* _Exercise details_
Please restate the entries verbatim. The copy should hold no pictures.

* _Task data_
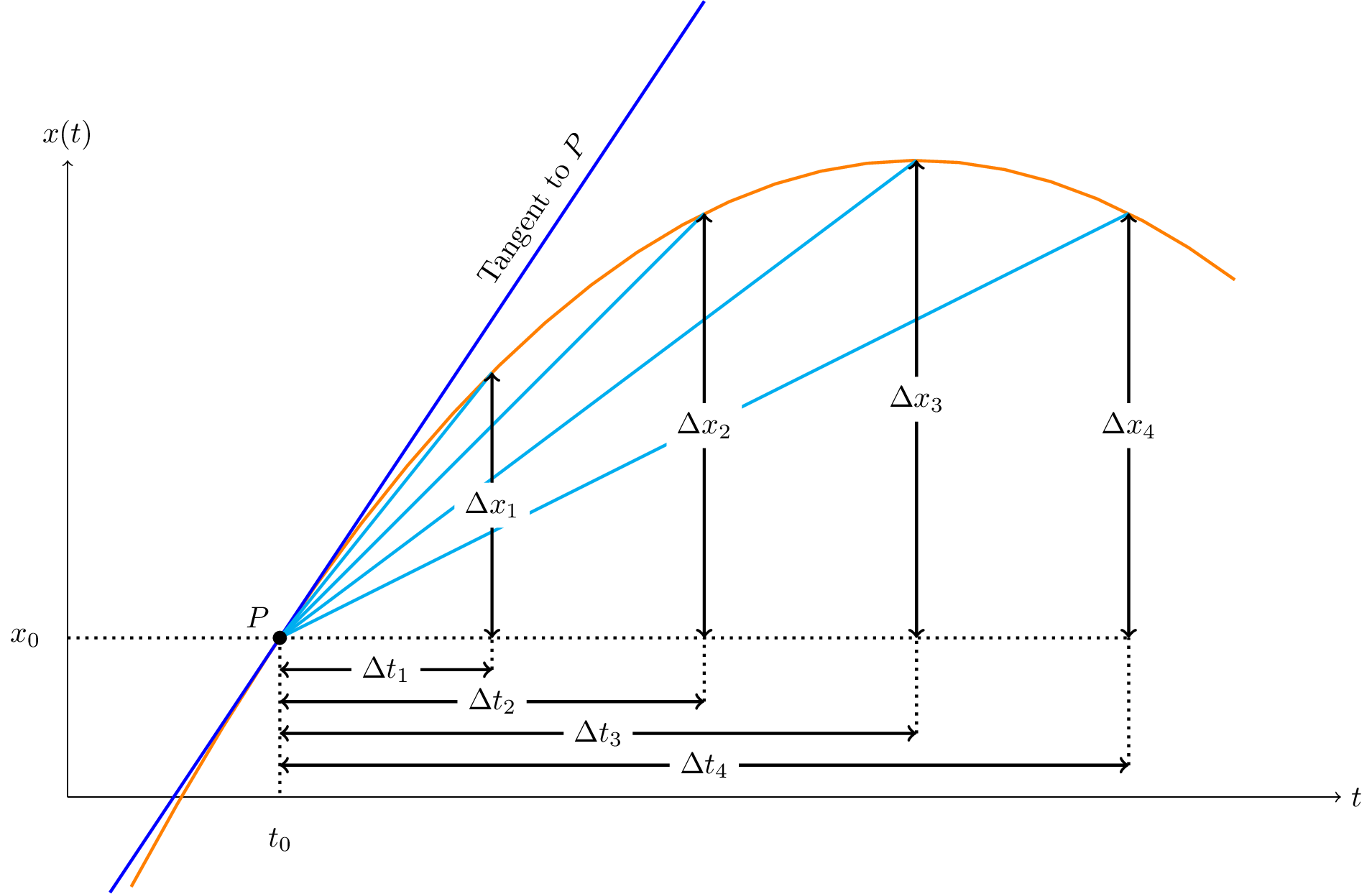 How can we define the velocity at an instant in time? We can look at the average velocity over progressively smaller intervals of time. This is shown in Figure 2.2, where we are considering the velocity at some time \(t_0\) and position \(x_0\), denoted by the point \(P\) in the figure. As we estimate the velocity using shorter and shorter time intervals, our velocity estimate gets closer and closer to the tangent at point \(P\).
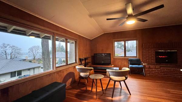 Studio amenities include a desk, queen bed, couch, mini fridge, portable heaters, TV, microwave, and river views. The loft runs cooler in fall/winter, and the electrical load is limited; we provide space heaters and will walk you through which outlets to use! House amenities include a beautiful vintage shared kitchen plus kitchenette basics in the unit, a 3/4 bath (shower, toilet, sink, mirror, and cabinets), a peaceful backyard, parking, and access to the walking path along Old Evergreen Highway overlooking the Columbia River.
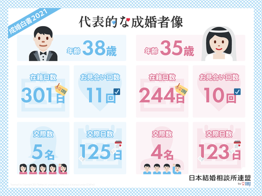 代表的な成婚者像は、【男性38歳】【女性35歳】結婚相談所での在籍期間は10ヶ月未満。
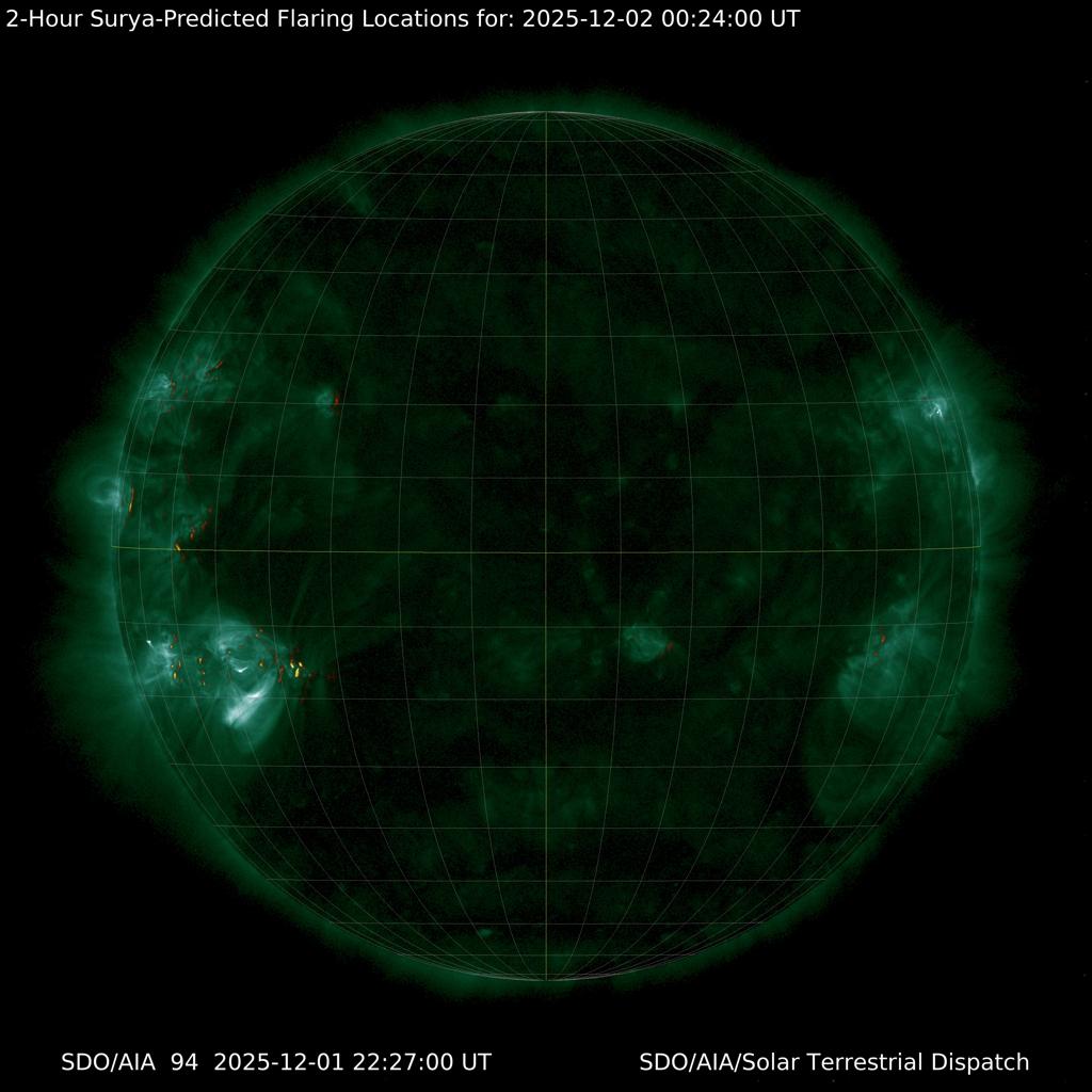*NEW* Experimental 2-Hour SURYA Flare Prediction Heatmaps and NOAA-21/20/Suomi Spacecraft Auroral Activity Mosaics.
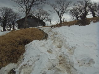 | 黍殻避難小屋を案内する道標には園地避難小屋と書いてありました |
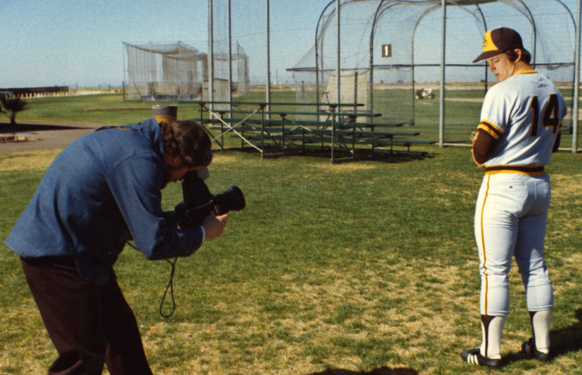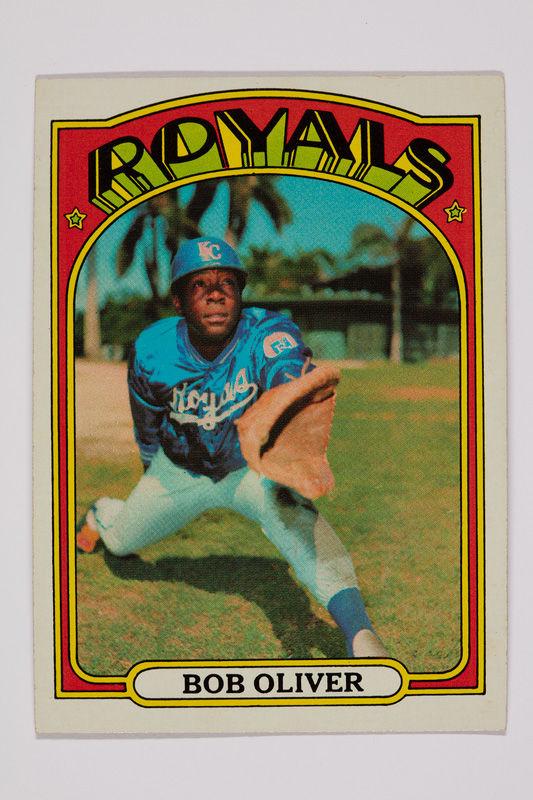 Topps Photographer Doug McWilliams would shoot players in a variety of unique positions, varying from simple kneeling to a combo of an angled back, turned head and direct gaze into the camera lens. For example, Bob Oliver's image on this 1972 Topps card. (Milo Stewart Jr./National Baseball Hall of Fame and Museum)

* _Answer area_
 How can we define the velocity at an instant in time? We can look at the average velocity over progressively smaller intervals of time. This is shown in Figure 2.2, where we are considering the velocity at some time \(t_0\) and position \(x_0\), denoted by the point \(P\) in the figure. As we estimate the velocity using shorter and shorter time intervals, our velocity estimate gets closer and closer to the tangent at point \(P\).
 Studio amenities include a desk, queen bed, couch, mini fridge, portable heaters, TV, microwave, and river views. The loft runs cooler in fall/winter, and the electrical load is limited; we provide space heaters and will walk you through which outlets to use! House amenities include a beautiful vintage shared kitchen plus kitchenette basics in the unit, a 3/4 bath (shower, toilet, sink, mirror, and cabinets), a peaceful backyard, parking, and access to the walking path along Old Evergreen Highway overlooking the Columbia River.
 代表的な成婚者像は、【男性38歳】【女性35歳】結婚相談所での在籍期間は10ヶ月未満。
*NEW* Experimental 2-Hour SURYA Flare Prediction Heatmaps and NOAA-21/20/Suomi Spacecraft Auroral Activity Mosaics.
 | 黍殻避難小屋を案内する道標には園地避難小屋と書いてありました |
 Topps Photographer Doug McWilliams would shoot players in a variety of unique positions, varying from simple kneeling to a combo of an angled back, turned head and direct gaze into the camera lens. For example, Bob Oliver's image on this 1972 Topps card. (Milo Stewart Jr./National Baseball Hall of Fame and Museum)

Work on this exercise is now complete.